Pride and Parakeets

I bet none of you have ever withheld praise from someone you love. I’m embarrassed to say, I did this recently. Just plain ugliness. My husband Rick is a man of many hobbies. I have three: reading, cooking, and going to the YMCA.

One of his hobbies is raising outdoor parakeets. Last summer, a virus struck his birds. All forty of them died. I found him in the backyard burning his bird atrium to the ground.

“I’m really sorry,” I said.

“I’m starting over. Building a new one. Some boards were rotten.”

“Why don’t you buy a couple of new birds and keep them inside?”

After he burned the house, I found him mixing cement–for footings and a new floor, he said.

“You mean, like a real house?”

“Yep.”

“Seems like a lot of work to me.”

Over the next few weekends, I pretended to read a book, but really, I sat outside studying my husband.

Trying to figure him out.

As the new house started coming together something came over me, but I didn’t tell him how I felt.

That I adored his eye for detail. His creativity.

Mostly, I admired him for not giving up.

For not taking the easy way out.

I would have.

Then one day he finished.

He’d stained the log siding to match our log house–even used the same tin roof!

What happened next completely undid me.

When he put Mr. and Mrs. Parakeet inside their new home, they scooted close together and kissed.

They weren’t shy about expressing their gratitude.

Clearing my throat, I walked toward my man and his new birds. “You amaze me. You did a beautiful job.”

“No big deal.”

“Yes it is. I should’ve told you sooner.”

We kissed like happy parakeets.

Me and my foolish pride.

Pride prevents praise.

Have you ever held back from praising someone? Please…somebody say yes.

Love,

Julie

I Should Have Known Better

One Saturday this April I decided to take up gardening. I thought about wearing gloves, but I didn’t.

I wanted to look tough like a real gardener, you know, get my hands dirty. And when my husband saw me working, he’d think, wow, she sure knows what she’s doing.

Ha!
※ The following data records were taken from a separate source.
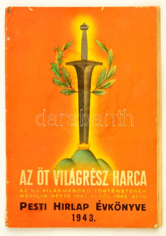 1943 Az öt világrész harca. Az uj világháború történetének második része 1941. XI-től 1942. XI-ig. Pesti Hírlap Évkönyve 1943. Papírkötésben, megviselt állapotban, foltos borítóval, 18-47. és 50-79. oldalak között a lapok kijárnak.
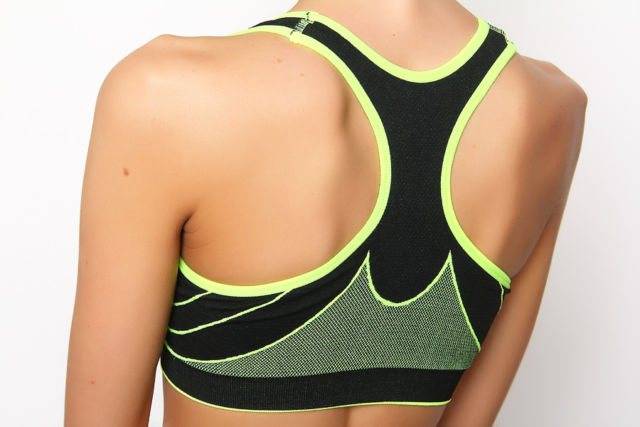 Если грудь у вас достаточно большая, очень важно при занятиях использовать специальный бюстгальтер. Это поможет поддерживать ее на одном уровне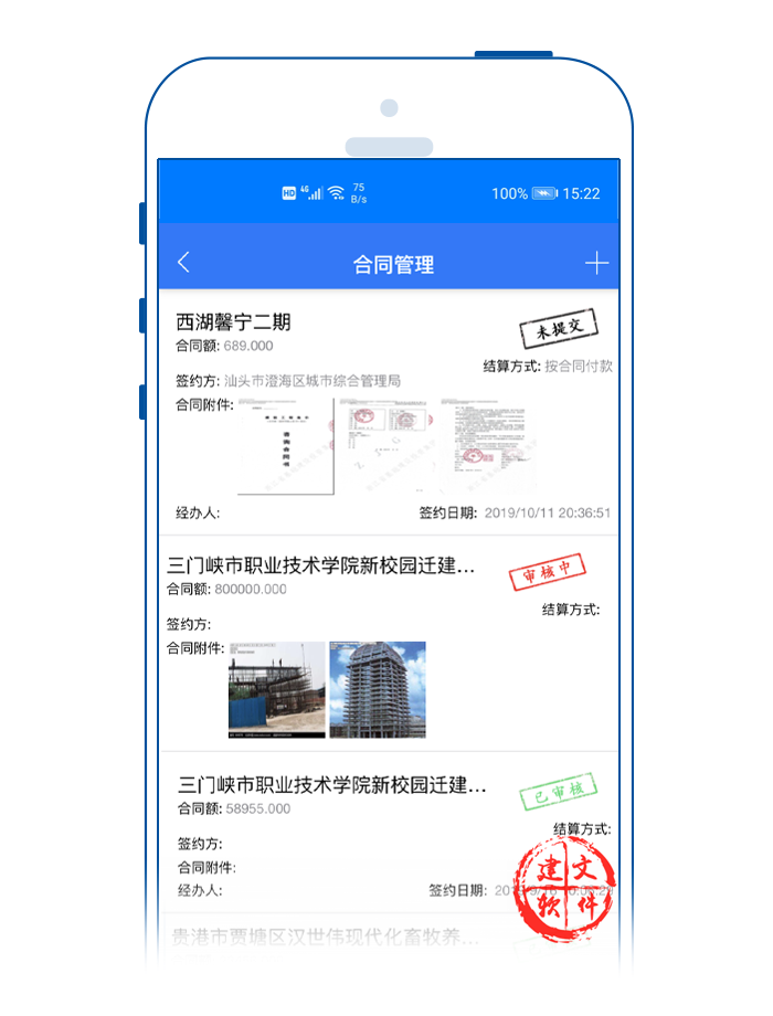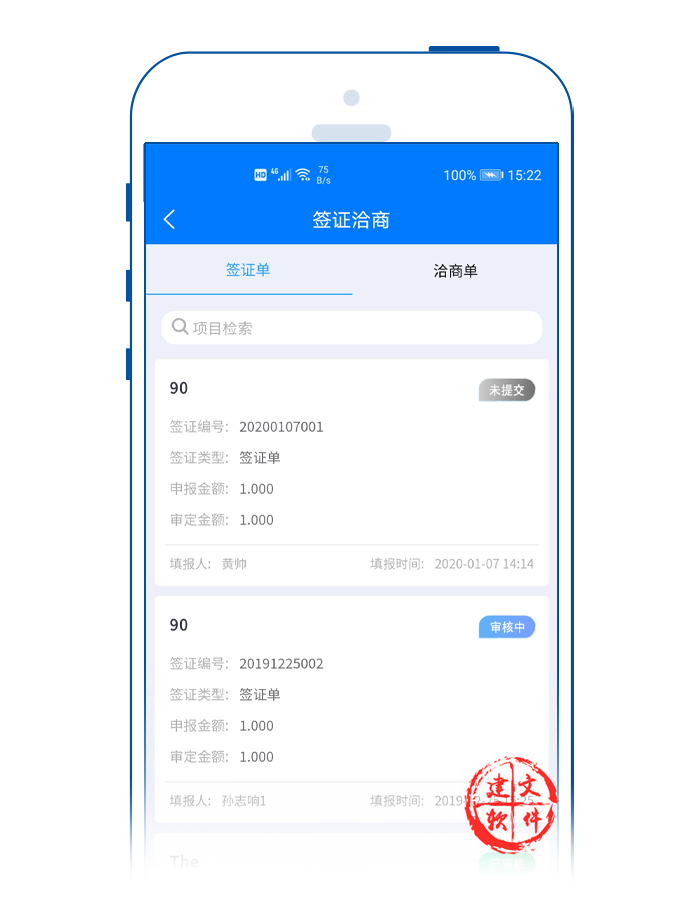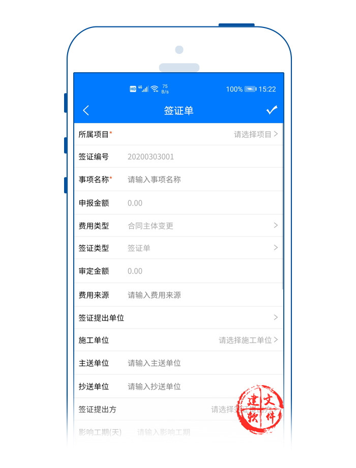 建文app簽證APP,支持多個(gè)設(shè)計(jì)變更單對應(yīng)一個(gè)簽證單;支持費(fèi)用簽證、工期簽證或者費(fèi)用+工期簽證等多種形式。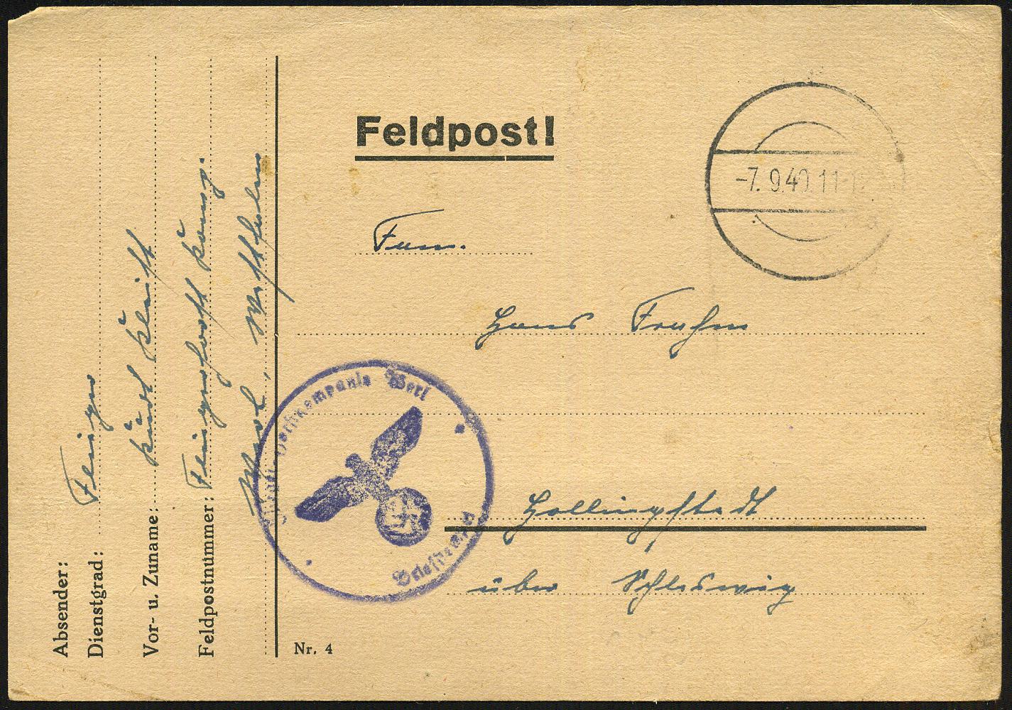8395 | 25 € | PL-Raum 47.. (ohne Hamm) : Werl 1941 (29.1./7.9.) 2x stumme 1K-Brücke = Tarnstempel Werl + viol. 1K-HdN: Flieger-Horstkompanie Wels + hs. Abs.: "..Fliegerhorst Komp., Wels..", Feldpost-Bf. (Öffnungsmäng.) + Inhalt: 1 Feldpost-Faltbf. aus Weimar, Lw. Aufkl. Gruppe - 2. Komp.Nohra II.. (roter 1K-HdN) u. Feldpost-Kt. n. Hollingstedt, 3 Belege | ![]() ![]() ![]() | |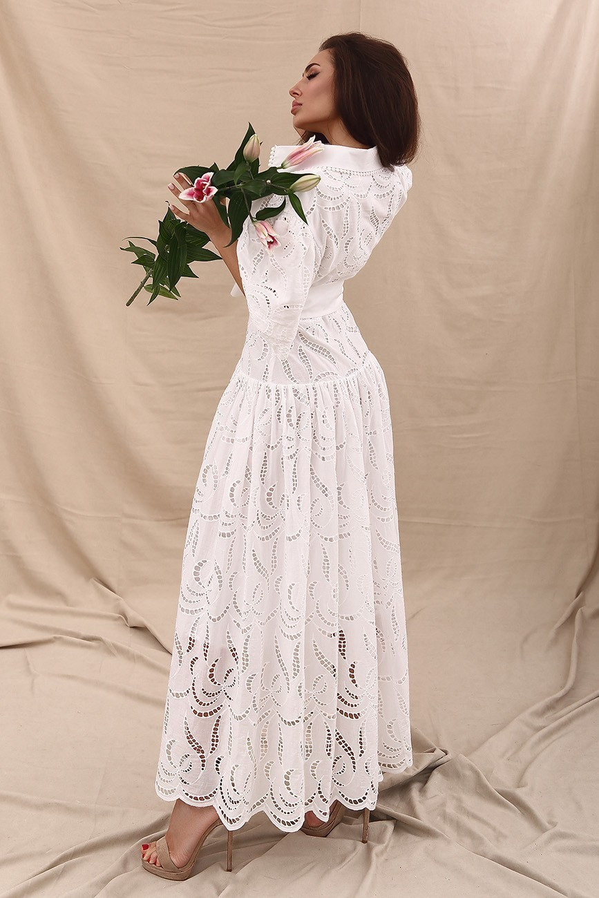 Форма: з коміром, зі спущеними плечима, з пишними рукавами, з кокеткою, із застібкою на гудзики, з пишною спідницею, на підлогу.
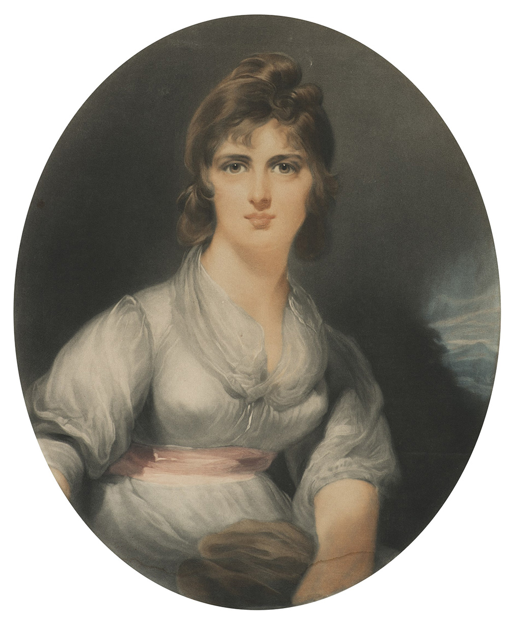 Scuola del sec. XIX "Ritratto di gentildonna con abito grigio" acquerello ovale su cartone pressato ovale (cm 53x44) In cornice in mogano filettato e decorato agli angoli con raggiere in legno chiaro (difetti)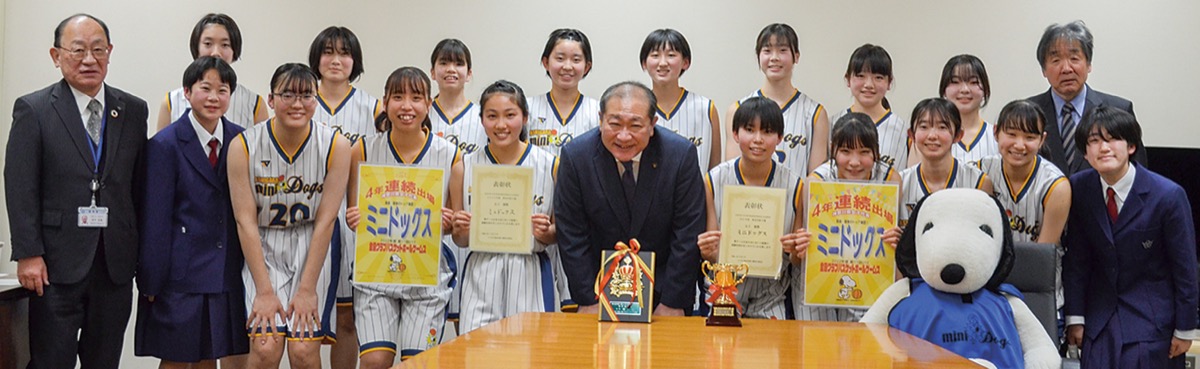 小田原市の中学生を主なメンバーとして活動する、女子バスケットボールチーム「ミニドックス」が、1月4日から6日に愛知県で開催された全国大会に出場し、ベスト16の結果を残した。18日に守屋輝彦小田原市長を表敬訪問し=写真=、杉田泰弘監督は「チームとして過去一番の成績を収めることができた」と喜びを語った。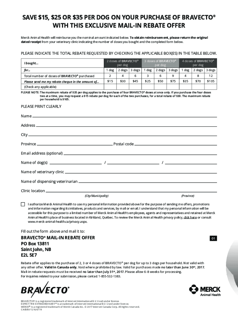 One way to save on your Bravecto purchase is by taking advantage of rebates. By using the Bravecto Rebate Form 2025 Printable, you can get a discount on your next purchase of this trusted flea and tick treatment for your pet.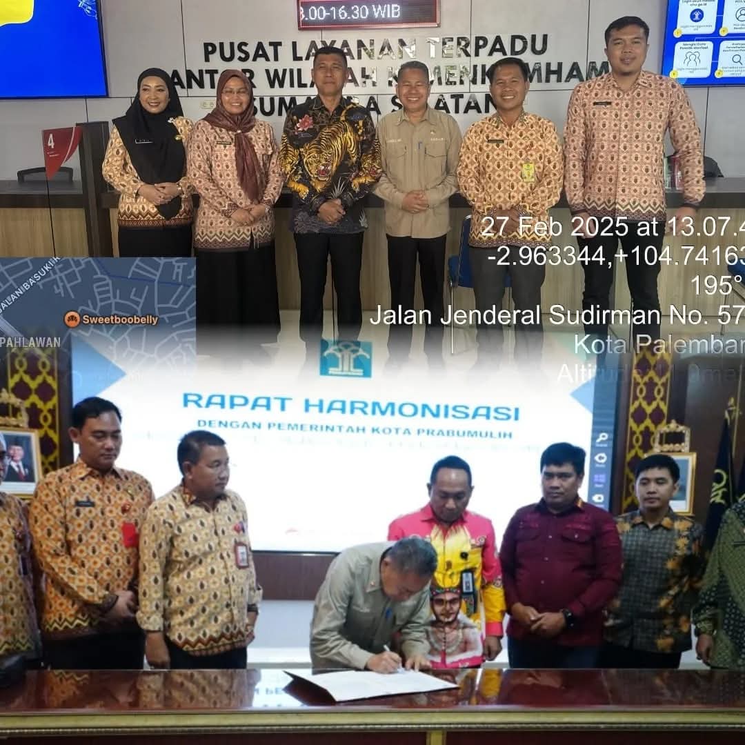 STARINDONEWS.COM | PRABUMULIH – Pada hari Kamis, 27 Februari 2025, telah dilaksanakan rapat pengharmonisasian rancangan Peraturan Walikota Prabumulih yang bertempat di Ruang Rapat Kantor Wilayah Kementerian Hukum Sumatera Selatan.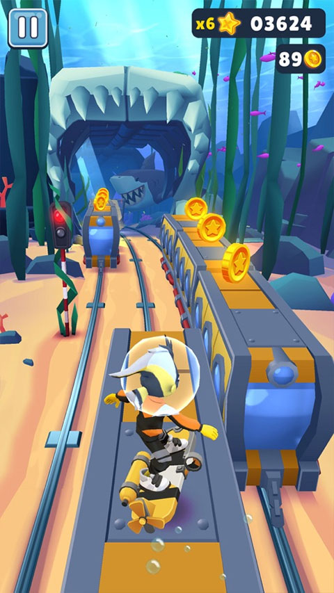- 这个地球日,Subway Surfers回到水下!在海底奔跑,在海底与水母、珊瑚和其他海洋风格的美丽元素赛跑。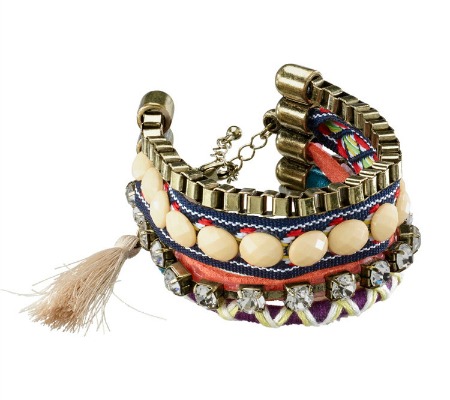 Bratara din metal, textil si pietricele din sticla
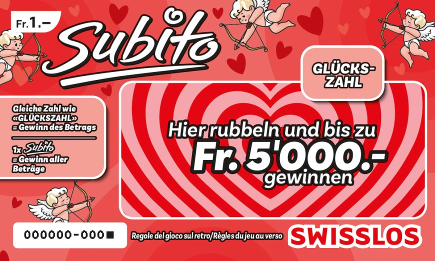 Klein aber oho - unser kleinstes Los bietet Ihnen nicht nur viele verschiedene, spannende Spiele, sondern mit einem Einsatz von nur 1 Franken die Chance auf grosse Gewinne von bis zu 5'000 Franken. Wieso also anstatt des Rückgeldes nicht mal ein «Subito» Los versuchen?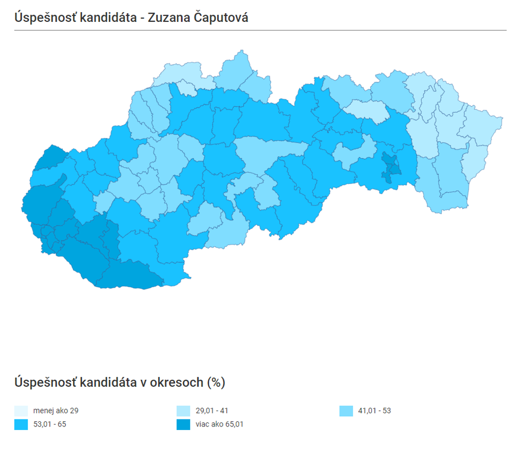 Z vyššie uvedeného vyplýva, že najslabší Čaputovej výsledok bol v okrese Snina (32,23 %) a Šefčovičov v okrese Dunajská Streda (16,05 %).

Huge mistake.

I spent hours pulling weeds around our house and along the edge of woods.

Over the next few hours/days/weeks, I developed a horrible rash–the kind that itches all day and wakes you from a dead sleep.

It started as red bumps on my knee, forehead, and eyebrow and spread to my neck and face. Blistered and oozing.

You’ve probably figured out what I had, but I was clueless.

I argued with my dermatologist. “It can’t be poison ivy. I don’t get poison ivy.” Growing up, I felt smug when my brothers and sister had it.

“That doesn’t matter,” the doctor said. “You can develop an allergy at any time.”

Stupid me! I’d spent a day hanging out with poison ivy–practically befriending the weed.

Warning! Warning! Leaves of three, leave them be!!

Poison ivy is sneaky. It doesn’t look the least bit dangerous. 

There were spiritual truths buried among these leaves.

1. When I ignore that Still Small Voice (wear gloves), I’m going to regret it.

2. When I work to get noticed or praised, my motives are wrong. Pride is involved.

3. Sometimes what trips me up looks incredibly innocent.

Be careful, my friends~

Thoughts on life? Spiritual lessons?

Who’s had poison ivy? What worked for you?